### Data section
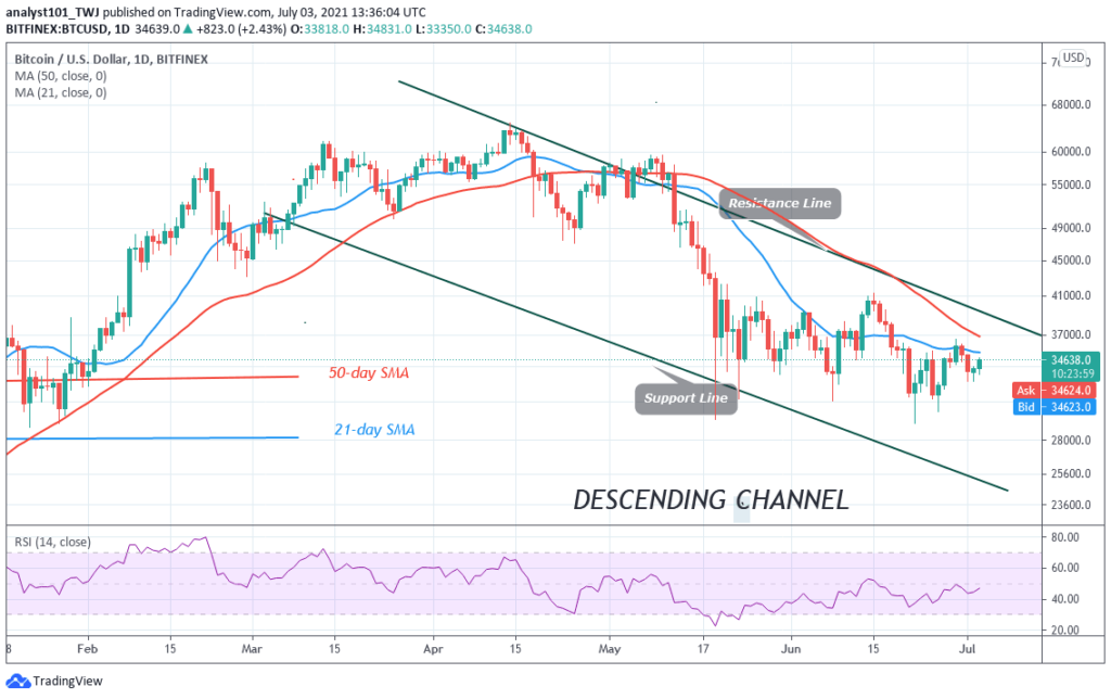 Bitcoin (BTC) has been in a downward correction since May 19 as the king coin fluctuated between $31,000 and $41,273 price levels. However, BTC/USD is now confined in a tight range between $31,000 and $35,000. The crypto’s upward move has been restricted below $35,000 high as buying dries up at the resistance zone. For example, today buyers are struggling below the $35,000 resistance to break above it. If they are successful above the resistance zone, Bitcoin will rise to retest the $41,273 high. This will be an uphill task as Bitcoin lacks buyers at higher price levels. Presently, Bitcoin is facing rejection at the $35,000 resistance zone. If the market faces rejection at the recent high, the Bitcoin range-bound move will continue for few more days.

...

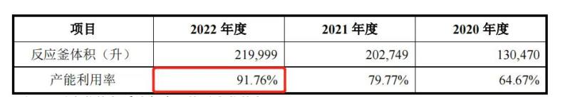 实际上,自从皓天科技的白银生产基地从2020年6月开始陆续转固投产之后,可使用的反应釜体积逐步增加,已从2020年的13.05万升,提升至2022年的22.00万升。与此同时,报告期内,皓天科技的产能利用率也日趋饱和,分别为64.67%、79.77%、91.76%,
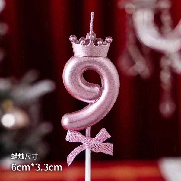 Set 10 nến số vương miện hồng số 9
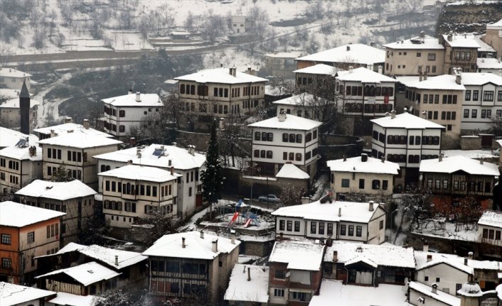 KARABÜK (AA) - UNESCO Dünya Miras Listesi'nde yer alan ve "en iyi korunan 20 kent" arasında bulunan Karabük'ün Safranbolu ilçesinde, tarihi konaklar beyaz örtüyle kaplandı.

### Action item
Please output the lines above beginning at the line with "Set 10 nến số vương miện hồng số 9" and ending after the line with "KARABÜK (AA) - UNESCO", precisely as written and with no pictures.

### Task response
 Set 10 nến số vương miện hồng số 9
 KARABÜK (AA) - UNESCO Dünya Miras Listesi'nde yer alan ve "en iyi korunan 20 kent" arasında bulunan Karabük'ün Safranbolu ilçesinde, tarihi konaklar beyaz örtüyle kaplandı.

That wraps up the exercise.